Employee engagement in retail is vital to effectively achieve your green goals – and to unlock this engagement you need to establish a green culture.

We know you’ve been working hard to create a sustainable retail business. You’ve drawn out your sustainability program, hired a Chief Sustainability Officer, and you’ve made a significant time and financial commitment to your green cause. Yet, what do you do when momentum fades?

According to research by Bain & Company, 98% of corporate transformation programs that declare sustainability as a top priority fail due to a lack of impetus.

This loss of momentum is a common problem across all industries, not just retail, and is causing sustainability programs to fall by the wayside.
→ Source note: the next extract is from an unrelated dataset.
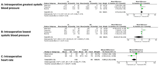Meta-analysis of intraoperative cardiovascular variables. (A): Intraoperative greatest systolic blood pressure. (B): Intraoperative lowest systolic blood pressure. (C): Intraoperative heart rate [23,24,26,29].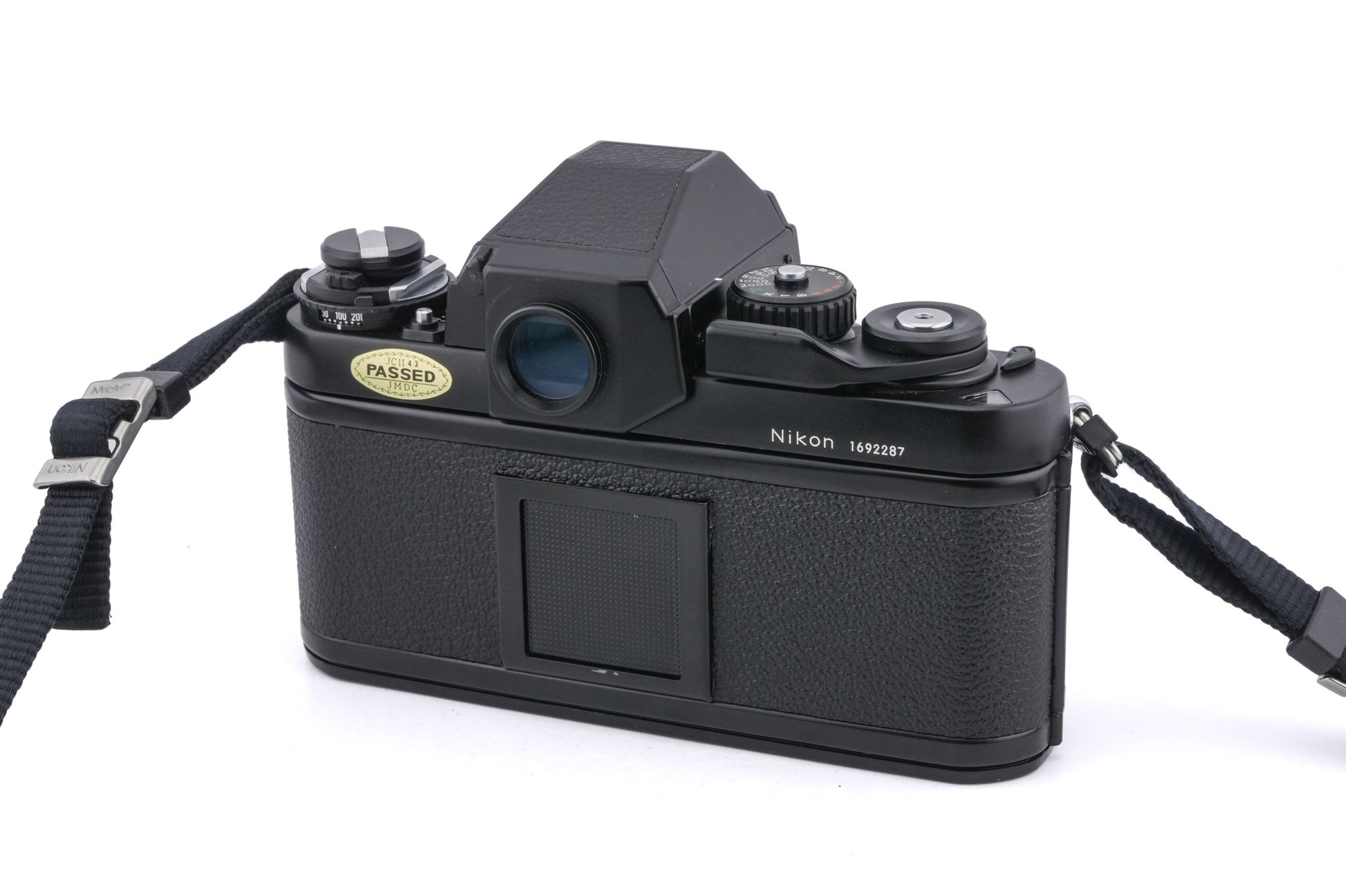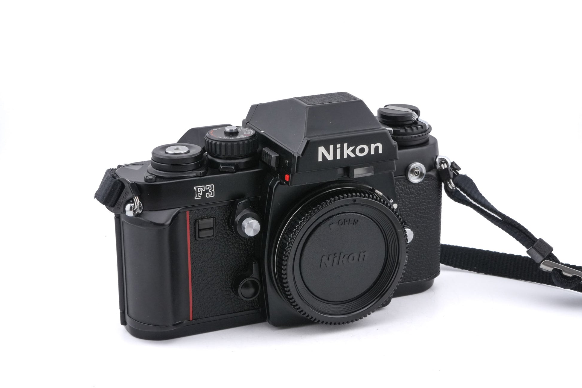 Manual focus F-mount 35mm SLR camera introduced by Nikon in 1980. It was the first professional Nikon SLR to feature an electronically controlled shutter but featured the same amount of customizable prisms, grips, and focusing screens as previous models. It was also the first of numerous Nikon F-series cameras to be styled by Italian designer Giorgetto Giugiaro and include a red stripe on the handgrip. This model is an F3 body with a DE-2 standard eye-level finder. Metal body available in black.

Looking for a solution, research shows corporate culture is a critical factor in enhancing the attainment of organizational goals and objectives. With that in mind, in this Green Business Bureau article we argue this is because corporate culture is inherently linked to employee engagement. Hence, we propose that by creating a green retail culture, you’ll engage your employees to willingly bring about sustainable change, creating the momentum you need to achieve your sustainability goals. With this in mind, we will then detail how you can create a green culture for your retail business.

A Sustainability Program Checklist for Retail Stores

GREEN BUSINESS BUREAU
Sustainability Guide for Retail

The Sustainability Guide and Checklist for Retail Stores serves as a manual on how to launch and manage a sustainability program across all your stores. It is ideal for sustainability leaders and store managers.

Green culture defined: Why a green culture is critical for employee engagement in retail sustainability

The policies, procedures, ethics, values, attitudes, goals, code of conduct and employee behavior combine to define the culture of your business. A green culture is specific in that these sets of behavioral and procedural norms are deliberate in minimizing an organization’s operational impact on our natural world.

Employee engagement describes the emotional commitment an employee has towards your organization and your goals. A sustainable transformation needs your employees to be emotionally invested (engaged) with your green goals. And for that, you need to establish a green culture, as we explain.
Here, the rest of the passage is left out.